- **EXERCISE DATA**
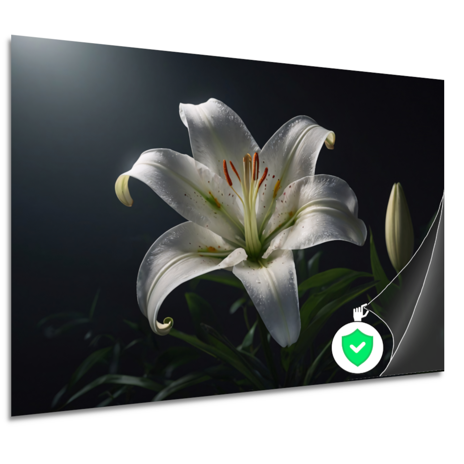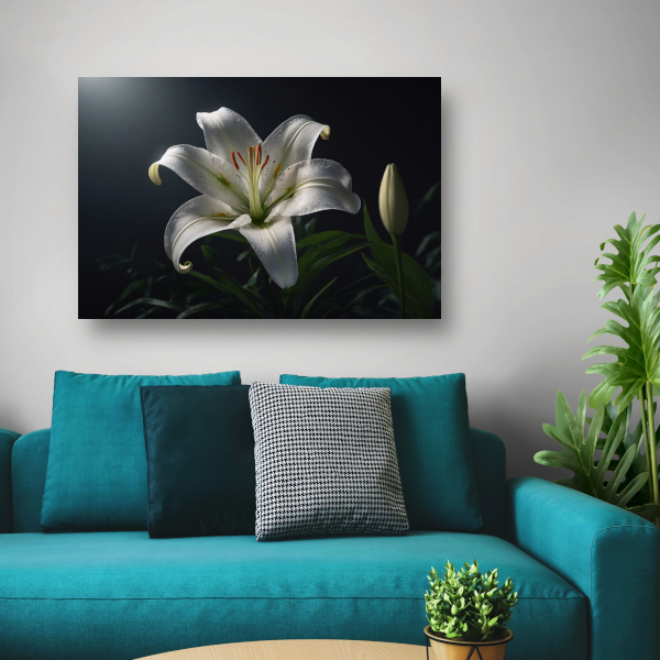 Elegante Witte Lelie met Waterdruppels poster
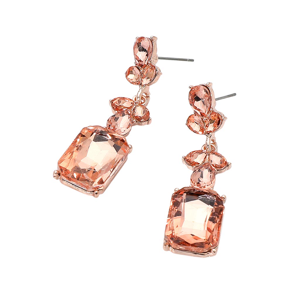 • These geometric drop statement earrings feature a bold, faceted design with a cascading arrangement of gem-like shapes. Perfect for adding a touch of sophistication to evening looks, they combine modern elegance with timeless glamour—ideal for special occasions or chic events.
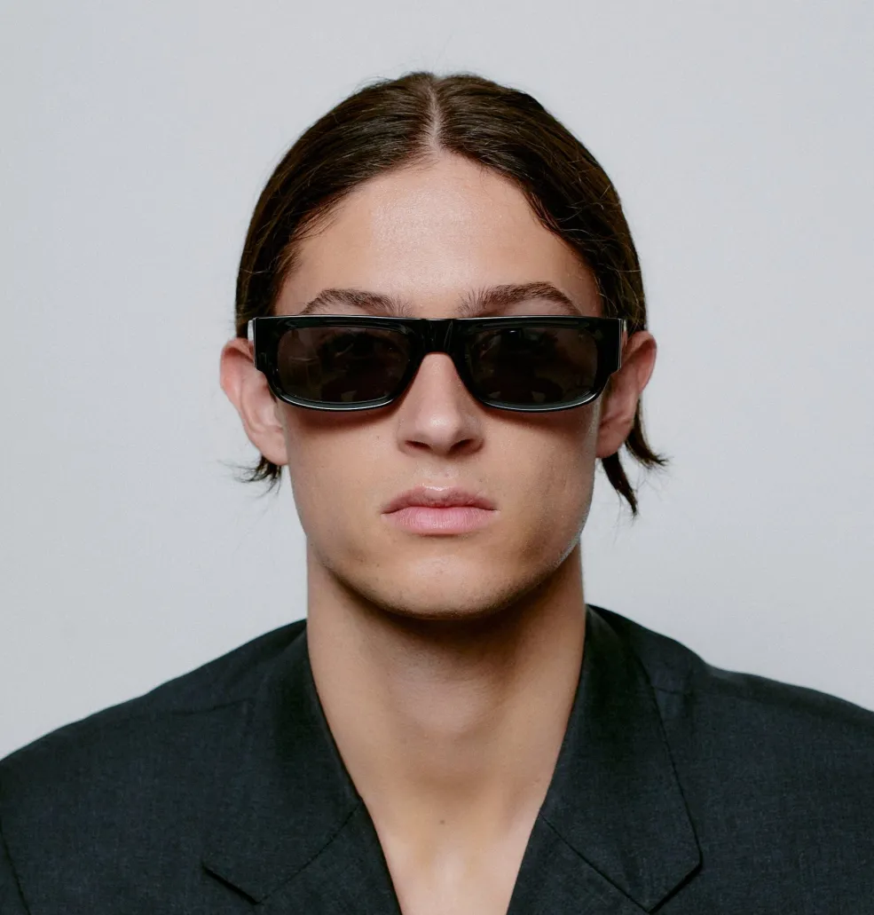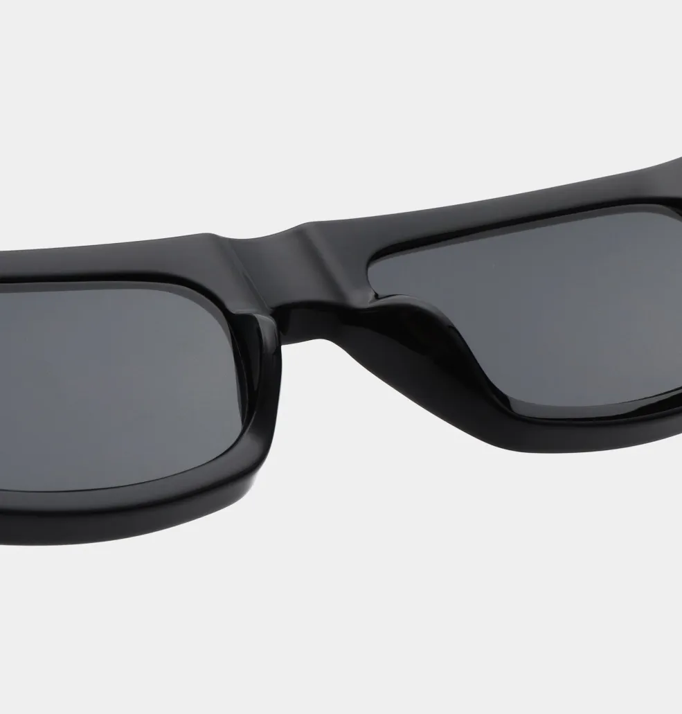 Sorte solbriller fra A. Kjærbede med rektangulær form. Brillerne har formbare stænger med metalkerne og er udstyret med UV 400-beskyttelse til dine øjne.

- **TO DO**
Return each line from the material above exactly, but not the pictures.

- **FINISHED EXERCISE**
 Elegante Witte Lelie met Waterdruppels poster
 • These geometric drop statement earrings feature a bold, faceted design with a cascading arrangement of gem-like shapes. Perfect for adding a touch of sophistication to evening looks, they combine modern elegance with timeless glamour—ideal for special occasions or chic events.
 Sorte solbriller fra A. Kjærbede med rektangulær form. Brillerne har formbare stænger med metalkerne og er udstyret med UV 400-beskyttelse til dine øjne.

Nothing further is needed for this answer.